Integral City Map 3: The Scalar Fractal Relationship of Micro, Meso and Macro Human Systems

Integral City Map 3: The Scalar Fractal Relationship of Micro, Meso and Macro Human Systems

In the city, as individuals we grow our capacities. When life conditions trigger us to change, our life’s journey adds new layers of values, worldviews and competencies. Like tree rings we can symbolically map how a person grows capacities that expand from ego-centric to ethnocentric to system-centric to world-centric (Cluster 1 on Map 3).

I have been fortunate enough, teaching at Royal Roads University, to co-create the conditions where individual leaders become high performance teams, where each team member challenges the others to draw on these full set of capacities.  This gives them capacities to impact spheres of influence that can grow to global-size, making impacts on and for future generations. This team capacity is represented in Cluster 2 on Map 3.

When these leaders and teams return, with advanced capacities, to their organizations and communities, they  encounter other people and groups who do not have the same breadth or depth of competency. In this respect, their capacity becomes diluted (and explains the challenge all high performance teams have interacting with those outside such teams). On the other hand, the advanced capacities of these individuals bring new skills and perspectives to their organizations and communities, positively “infecting” their social and cultural environments, with change. (Cluster 3, in Map 3).

We can see the same paradoxical effects (of dilution and infection) when the high performers interact in even larger scales at nation or global contexts. (Cluster 4, in Map 4).

Integral City Map 3, shows how the human systems are constantly interacting in exchanges that emerge from natural cycles, values exchanges, and complex processes. We can see the role of both agents and collectives and the mesmerizing outcomes of interactions in self-organizing systems of exchange.

I have described the merits of this map in the audio (and printed) book, Integral City: Evolutionary Intelligences in the Human Hive. I also discussed it with Ken Wilber during our Integral City 2.0 Online Conference (and Integral Life) Interview. Map 3 as a whole captures the Integral Intelligences of the city: Inner, Outer, Cultural and Social, as well as Living and Ecosphere  Intelligences).
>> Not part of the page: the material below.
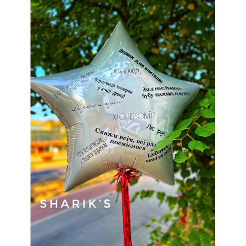 Куля-гігант «Шкільні теги» — велика стильна куля з тематичним оформленням, що ідеально підійде для останнього дзвоника чи випускного. Вона стане яскравим акцентом свята та подарує незабутні емоції випускникам.

Map 3 in the Integral City demonstrates strong patterns that relate to the natural designs in Tim Winton’s Pattern Dynamics (TM) Structure , Creativity and Dynamic Patterns. But the Pattern of Exchange seems to capture best the flow of interaction that influences interlocking human systems at micro, meso and macros scales inherent in Map 3. The Pattern of Exchange in the city shows us how human systems produce capacity both for the benefit of themselves and for the benefit of the systems with whom they trade. At its core the Exchange Pattern is the pattern that drives economics, sustainable growth and eco-system balance.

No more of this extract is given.